Colvin held a variety of administrative posts, finding his real niche in imperial finance. In particular, he worked on land value assessment—experience that garnered him the opportunity to work in Egypt. In 1878, Colvin landed in Cairo to head a survey assessing Egyptian real estate values for the purpose of taxation. At the time, Egypt was bankrupt and on the verge of revolution, after the Ottoman khedive, or viceroy, emptied the country’s coffers on massive new building projects and personal expenditures. The situation became Britain’s reason for invading in 1882, but when Colvin arrived it was an international fray of competing Egyptian, Ottoman, British, and French interests. Colvin got closer and closer to the complexities of the situation, going from head of the land survey to financial adviser to the khedive. He held the position until shortly after the British invasion, and returned to India in 1883.
Why would a street in Ma’adi be named after a man whose career in Egypt ended more than twenty years before the town was founded? Though Colvin returned to India, his involvement in Egypt did not stop. Rather than working for the empire, he found new commercial reasons for being there. He retired from the imperial civil service in 1892, and by the late-1890s, he served as the chair of several private companies abroad, including the Egyptian Delta Land and Investment Company which founded Ma’adi in 1904. Colvin navigated the complexities of Egyptian finance first as an empire builder, and later as a private businessman, and through his efforts became one of the founders of Ma’adi.

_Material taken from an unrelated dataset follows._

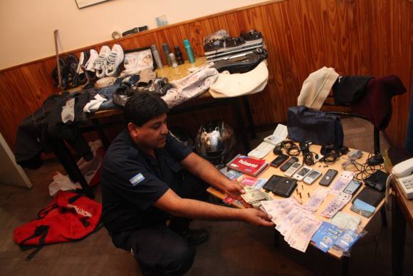El dato aportado por un hombre amenazado por el presunto asaltante, no falló. La información hablaba de que un reo, con salidas transitorias de lunes a sábados, no usaba ese beneficio para ir a su casa y ver a su familia, sino para salir a asaltar en moto por diferentes zonas del Gran San Juan. Cuando los efectivos de la comisaría 30ma., al mando del comisario inspector José Antenor Olivera, llegaron ayer en la mañana a su casa, esperaron a que el preso llegara a su vivienda de Chimbas y allanaron el lugar. Adentro, los uniformados confirmaron el dato y encontraron de todo: $3.000 y otros 400 falsos, algunos dólares, joyas, 5 carteras, dos DNI, 4 pares de zapatillas, 2 DVD, un microondas, 4 cascos, varias películas, 9 celulares, ropa, tarjetas telefónicas, una cartera de la firma "Amodil", folletería de una heladería "Grido", proyectiles calibre 22, 32 largo y corto, bijouterie, dos motos Guerrero 150cc. y 110cc., y otras cosas (foto), dijeron en la policía.

In the town’s early days, its streets were named after many of its founders, but focused primarily on the Egyptian Jewish landowners who partnered with British businessmen to establish the town. Midan Mustafa Kamel was previously Midan Menashe and Midan Suares still carries the Egyptian Jewish surname of one of Ma’adi’s founders. Other midans were called Mosseri, Cattaui, and one avenue was called Rolo — all after influential Egyptian Jews. There were a handful of Avenues named after Britons — Colvin Avenue being among the most prominent, was joined by Palmer Avenue and Williamson Avenue.*
Colvin Avenue survived the first generation of Ma’adi’s existence, but by the late 1920s, its reference to British imperial power was no longer popular. It became Abdelwahab Pasha and wasn’t Port Said until the 1950s. The name change marked a significant shift in Anglo-Egyptian relations. In 1919 Egyptian nationalists staged a nationwide revolution that successfully loosened the British empire’s hold over Egyptian affairs. Considering that Colvin was instrumental in shaping British policy during the invasion and subsequent occupation, residents could not abide his name on one of their main streets. Even though the street itself remained the same, the name change signified that Egypt itself, and with it Ma’adi, had undergone a profound shift.
*NOTE: Samir Raafat’s Ma’adi 1904-1962: Society and History in a Cairo Suburb (1994) was consulted on the changing of Ma’adi’s other street names.